[<prev] [next>] [<thread-prev] [day] [month] [year] [list]
Message-ID: <20250616062922.682558-2-lulu@redhat.com>
Date: Mon, 16 Jun 2025 14:28:19 +0800
From: Cindy Lu <lulu@...hat.com>
To: lulu@...hat.com,
jasowang@...hat.com,
mst@...hat.com,
michael.christie@...cle.com,
sgarzare@...hat.com,
linux-kernel@...r.kernel.org,
virtualization@...ts.linux-foundation.org,
netdev@...r.kernel.org
Subject: [PATCH v12 1/1] vhost: Reintroduces support of kthread API and adds mode selection
This patch reintroduces kthread mode for vhost workers and provides
configuration to select between kthread and task worker.
- Add 'fork_owner' parameter to vhost_dev to let users select kthread
or task mode.
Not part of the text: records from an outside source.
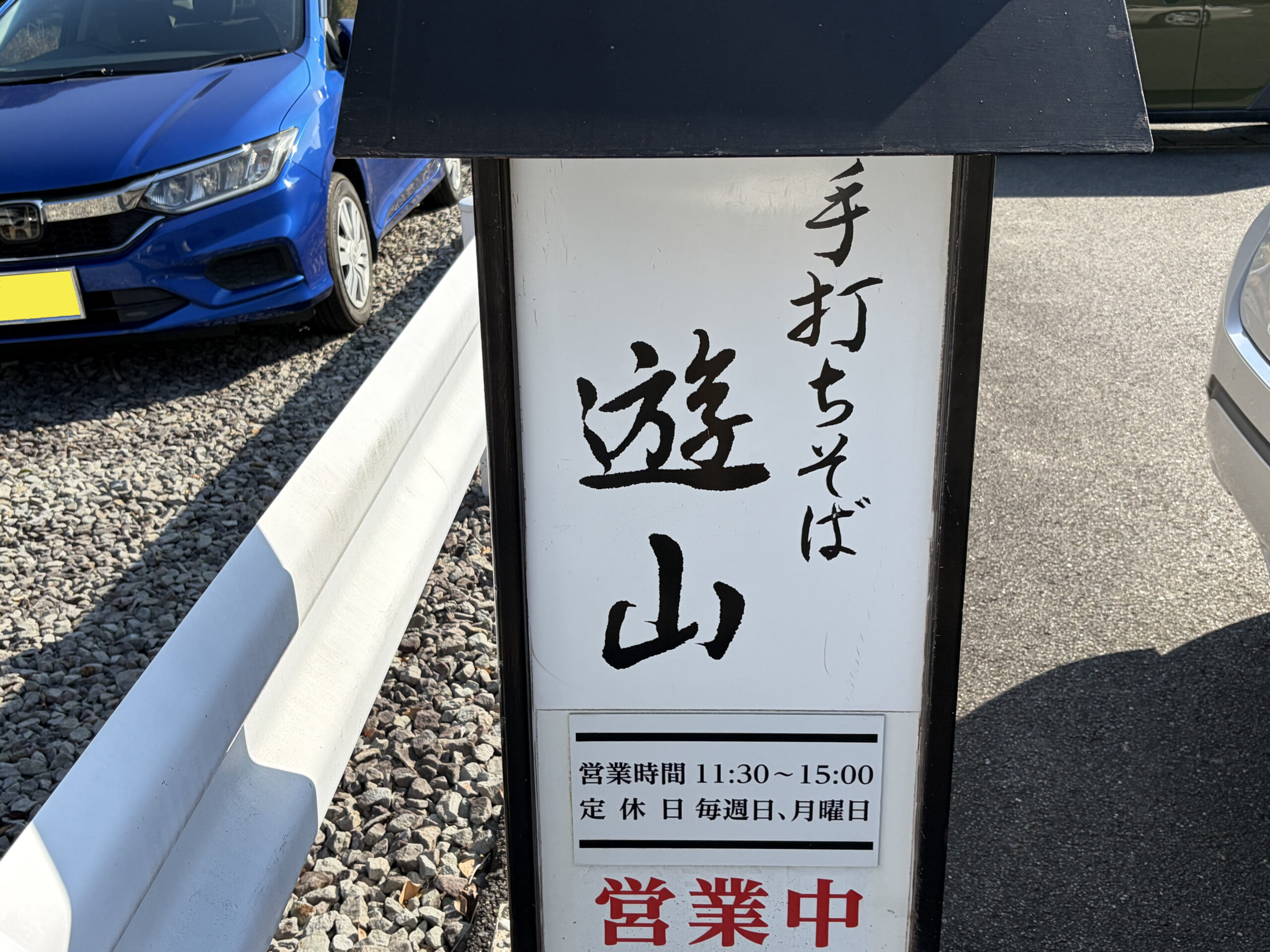 買い物がてら二ヶ月ぶりに「遊山」でお昼をいただくことにしました。12時少し前に店に着くと駐車スペースに数台分の空きがありました。
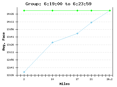 ------------------ 6:19:00 to 6:23:59 ------------------ 2m split avg: 12:32 10m split avg: 13:03 17m split avg: 13:48 21m split avg: 14:10 Overall pace: 14:33
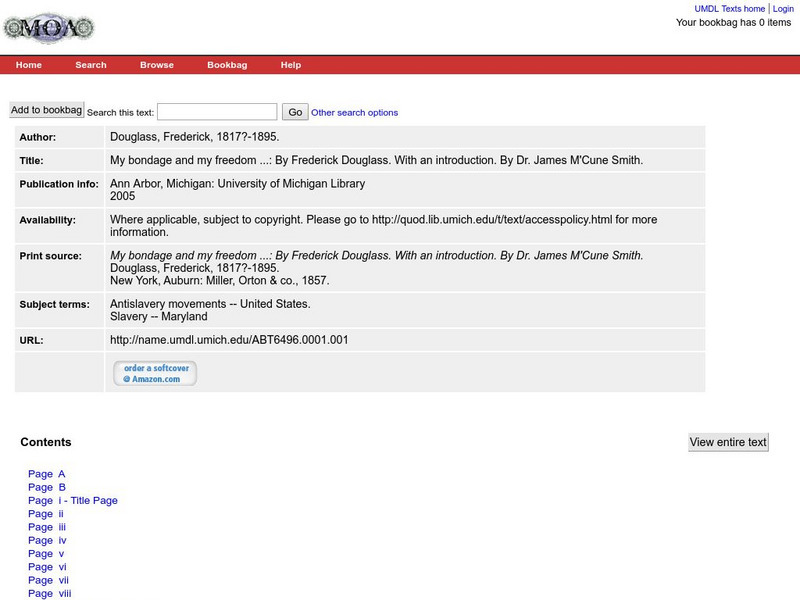 The complete online text of "My Bondage and My Freedom" by Frederick Douglass is available through University of Michigan Digital Library Text Collections.
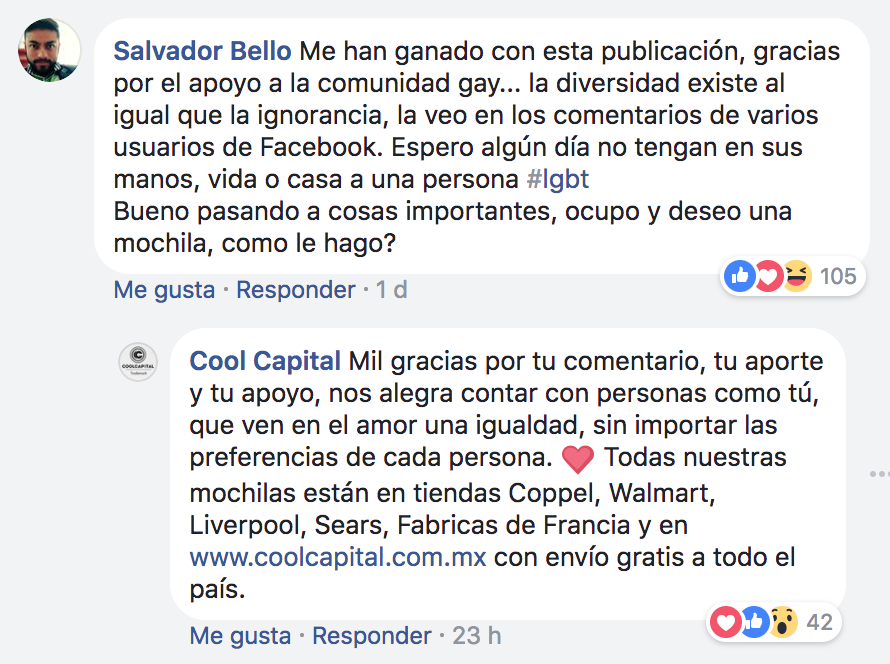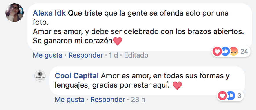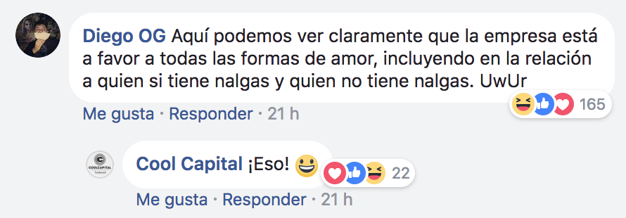 De manera sorprendente, la mayoría de los comentarios fueron positivos y apoyando al amor. Y los fue no lo fueron tanto, el o la community manager de la marca se encargó de contestarles de manera fenomenal.

Default mode is task mode(VHOST_FORK_OWNER_TASK).
- Reintroduce kthread mode support:
* Bring back the original vhost_worker() implementation,
and renamed to vhost_run_work_kthread_list().
* Add cgroup support for the kthread
* Introduce struct vhost_worker_ops:
- Encapsulates create / stop / wake‑up callbacks.
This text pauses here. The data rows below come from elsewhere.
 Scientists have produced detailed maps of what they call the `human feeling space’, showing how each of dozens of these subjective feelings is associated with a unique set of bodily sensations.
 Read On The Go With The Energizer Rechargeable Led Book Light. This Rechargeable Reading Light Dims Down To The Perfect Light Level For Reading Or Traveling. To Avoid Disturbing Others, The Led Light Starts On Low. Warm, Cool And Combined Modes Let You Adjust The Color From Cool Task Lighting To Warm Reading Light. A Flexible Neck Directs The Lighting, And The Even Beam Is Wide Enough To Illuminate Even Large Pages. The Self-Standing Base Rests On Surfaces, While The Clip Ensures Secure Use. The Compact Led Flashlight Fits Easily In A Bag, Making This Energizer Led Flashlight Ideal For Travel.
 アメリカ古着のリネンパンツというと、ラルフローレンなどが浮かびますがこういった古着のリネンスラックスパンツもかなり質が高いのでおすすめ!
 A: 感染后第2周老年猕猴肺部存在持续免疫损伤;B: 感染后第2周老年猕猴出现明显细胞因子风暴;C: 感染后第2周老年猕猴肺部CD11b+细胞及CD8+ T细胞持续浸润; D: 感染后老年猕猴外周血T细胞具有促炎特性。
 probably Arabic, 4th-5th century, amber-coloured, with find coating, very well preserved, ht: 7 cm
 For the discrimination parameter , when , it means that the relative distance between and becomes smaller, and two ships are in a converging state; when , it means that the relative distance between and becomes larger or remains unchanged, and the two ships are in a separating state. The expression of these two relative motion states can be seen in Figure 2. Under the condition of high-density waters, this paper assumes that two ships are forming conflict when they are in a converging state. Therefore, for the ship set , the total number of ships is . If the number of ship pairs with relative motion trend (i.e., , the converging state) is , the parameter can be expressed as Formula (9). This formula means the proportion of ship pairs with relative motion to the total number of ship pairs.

- vhost_worker_create() selects the proper ops according to
inherit_owner.
- Userspace configuration interface:
* New IOCTLs:
- VHOST_SET_FORK_FROM_OWNER lets userspace select task mode
(VHOST_FORK_OWNER_TASK) or kthread mode (VHOST_FORK_OWNER_KTHREAD)
- VHOST_GET_FORK_FROM_OWNER reads the current worker mode
* Expose module parameter 'fork_from_owner_default' to allow system
administrators to configure the default mode for vhost workers
* Kconfig option CONFIG_VHOST_ENABLE_FORK_OWNER_CONTROL controls whether
these IOCTLs and the parameter are available (for distros that may
want to disable them)
- The VHOST_NEW_WORKER functionality requires fork_owner to be set
to true, with validation added to ensure proper configuration
This partially reverts or improves upon:
commit 6e890c5d5021 ("vhost: use vhost_tasks for worker threads")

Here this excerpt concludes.